Сергей Юлич отпускал меня на час-полтора, сразу после полдника, в небанные дни. Тогда стрелок заваливался спать. Я забирал две стеклянные банки и уходил со двора. Вот и узкая тропка за лопухами, и на ней потемневшая надпись на деревянном щите: “запретная зона”. Я шел деловито, весь поглощенный своей задачей. Это не была прогулка для удовольствия. Я не оглядывался на лагерь, который очень красиво выделялся издалека на фоне ясного неба. Самолет летел низко-низко на север, в Архангельск. С высоты самолета белые бараки и вышки Круглицы, наверное, были очень живописны. Но я уже наизусть знал этот вид и поля кругом, где проводили дни бригады косарей. Золотистый стрелистый пырей стелился под ноги, иногда попадалась черемуха, черные глянцевитые ягоды которой очень ценились. По лугам был раскидан шиповник, его пурпурные коробочки были особенно вкусны в первые заморозки, в сентябре. Много мы поели этого шиповника, идя с косами и граблями на работу. Все дальше и дальше уходил я от бани. Куманика и брусника попадались на топком лугу, но я не останавливался.

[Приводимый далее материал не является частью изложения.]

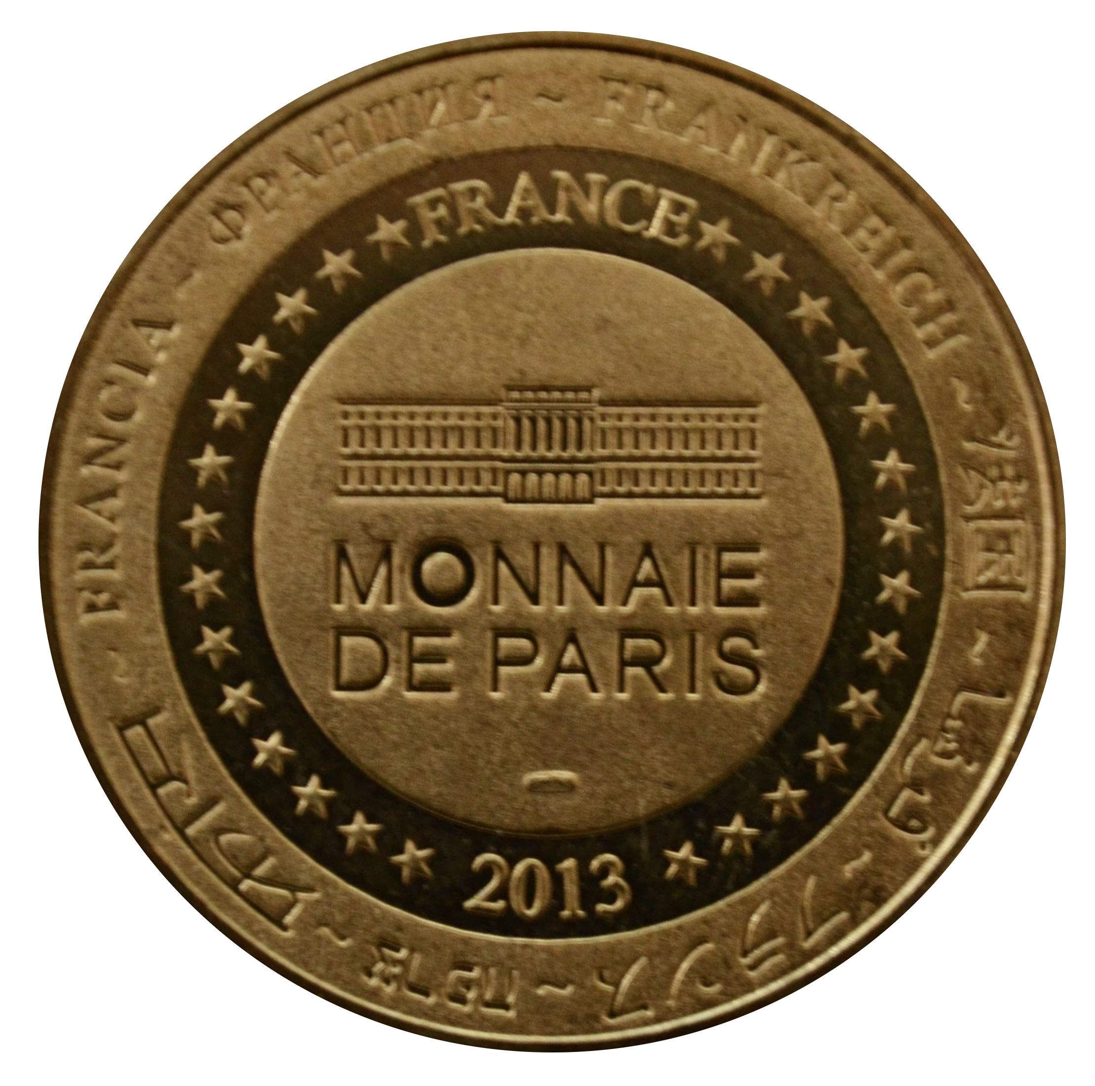 Опис: На периферії слово «Франція» написано вісьмома мовами. Франція на 12-й годині, 2013 рік на 6-й годині, все пов'язане 14 зірками праворуч і ліворуч. У центрі — будівля Монетного двору Парижа.

Редко попадался прохожий. От прохожих я уходил в кусты. Меня сразу можно было признать как зэ-ка по виду и как чужого: в Круглицком поселке все вольные знали друг друга. Если бы стрелок поднял тревогу или я бы за зоной напоролся на лагерного начальника – была бы беда: могли бы меня обвинить в попытке бегства. Бежать из лагеря было нетрудно. Во всякой другой стране было бы много случаев побега. Но в Советском Союзе – особые условия. Тут каждый человек и каждый кусок хлеба – нумерован. Некуда бежать и негде спрятаться. Сразу при дороге начиналась малина. Никогда еще в жизни я не видел такого изобилия дикорастущей лесной малины. Бледно-зеленые листья с серебристой изнанкой то и дело попадались на лужайках и в лесной тени. Кусты гнулись под тяжестью спелых рубиновых ягод, всюду светилась малина. Я бросал необобранный куст и переходил к другому, где ветви просто ломились от осыпавшихся ягод. А в траве на деликатных тоненьких стебельках была земляника… Скоро пальцы у меня были красны от сока… Я ел и собирал малину в банки. Пол-литра я приносил Юличу, другие пол-литра оставлял себе на ужин. За два года это были первые ягоды. В лагере за 1/2 литра малины давали 200 грамм хлеба, но я ни разу не обменял ее на хлеб.

Я торопился: времени было немного. Мальчишки, которых я встречал в гуще леса, все были привычны к виду зэ-ка и могли думать, что где-нибудь близко работает моя бригада. Малины хватало на всех. Дети в поселке не голодали летом. И зэ-ка голодали бы меньше, если бы им позволили собирать ягоды. Но об этом никто не думал. Несколько инвалидов собирали в Круглице ягоды и грибы. Ягоды они отдавали в аптекоуправление, а грибы сушили на зиму. Грибы с их 90-процентным содержанием воды были наименее питательным продуктом леса. И то, и другое инвалиды должны были собирать по норме. По возвращении из леса их обыскивали: не спрятали ли они чего-нибудь для себя.
Дни наши были заполнены охотой за пищей. В этой борьбе за существование были удачи и поражения. Несколько дней мимо бани возил капусту возчик Гаврилюк, добродушный хохол, посаженный в лагерь за нелюбовь к колхозу. Юлич и Гаврилюк сговорились, и раз, когда Гаврилюк ехал мимо, Юлич выслал меня к нему. Я подошел к возу, и Гаврилюк, оглянувшись, скинул с воза кочан капусты. Я его моментально бросил в ведро и принес в баню. Не успели мы спрятать ведро в чуланчик, как следом вошел стрелок. Он, оказывается, прятался за углом и видел всю операцию. “Где спрятали капусту?” Пришлось отдать. Это было большое разочарование. Мне и Гаврилюку угрожал карцер. Я уже приготовился на ночь в домик Гошки, но на этот раз все обошлось благополучно: стрелок, вместо того чтобы сдать кочан капусты на вахту и составить протокол (“акт”), снес его жене домой и смолчал о происшедшем.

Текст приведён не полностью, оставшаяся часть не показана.